[SailfishDevel] When does Jolla give us an API?
Attila Csipa
qt at csipa.in.rs
Wed Feb 12 13:06:16 UTC 2014
On 12/02/14 12:36, Timur Kristóf wrote:
>
> I posted the stuff to together so we can continue the discussion online:
> https://together.jolla.com/question/27052/roundtable-discussion-jolla-harbour-apis/
>
My personal advice is - don't overthink it. The bottom line/driver is
the user experience.
It's super-easy to overthink and overengineer in the hope that strong
and restrictive policies will somehow protect you. In both my personal
and professional experience, they largely won't, as at some point there
will be a change of behaviour/policy even in those supposedly "stable"
APIs or there will be that weird app that actually depended on a bug,
and the framework fix broke it.

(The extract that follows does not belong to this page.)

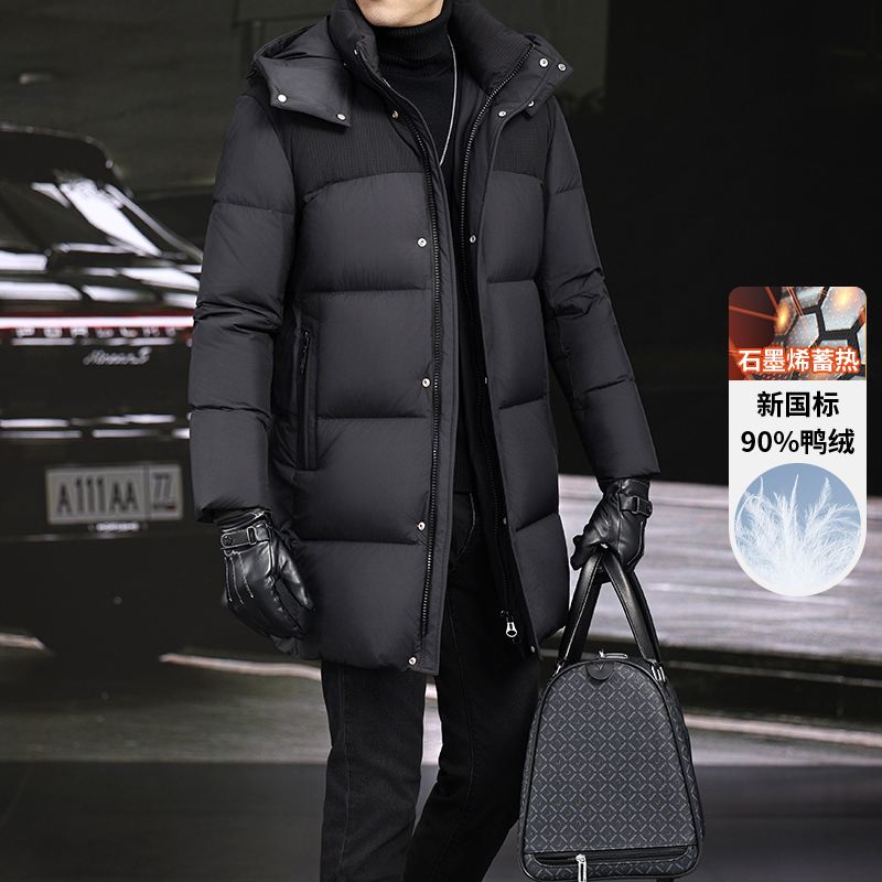 男士中长款羽绒服2025冬季新款爸爸装加厚防寒外套连帽保暖大衣潮

Life of a platform vendor is hard.
The other thing I'd like to highlight for the cases WHEN YOU HAVE
LIMITED REPOSITORY TESTING BANDWIDTH (yes, that's all caps), it IMHO
shouldn't be the repository QA that tries to validate all versions and
use-cases. There is a reason why in appstores it's the users who give
the stars and comments, and not the repo QA. Repo QA is more about "will
it start" and "will it burn your house down". If it breaks later on,
annoys, users will one-star it and it will sink to the bottom of the
store search. Tough luck, life of a app developer is hard, too. What's
happening right now is the exact opposite - apps that have perfectly
fine user experience are turned down because they link to verboten libs
(even if the app would still work fine if the lib went away). At the
same time you can publish the world's most inefficient and annoying app
if it uses the "right" libs and services.
Finally, there is the segment about hackability and open development.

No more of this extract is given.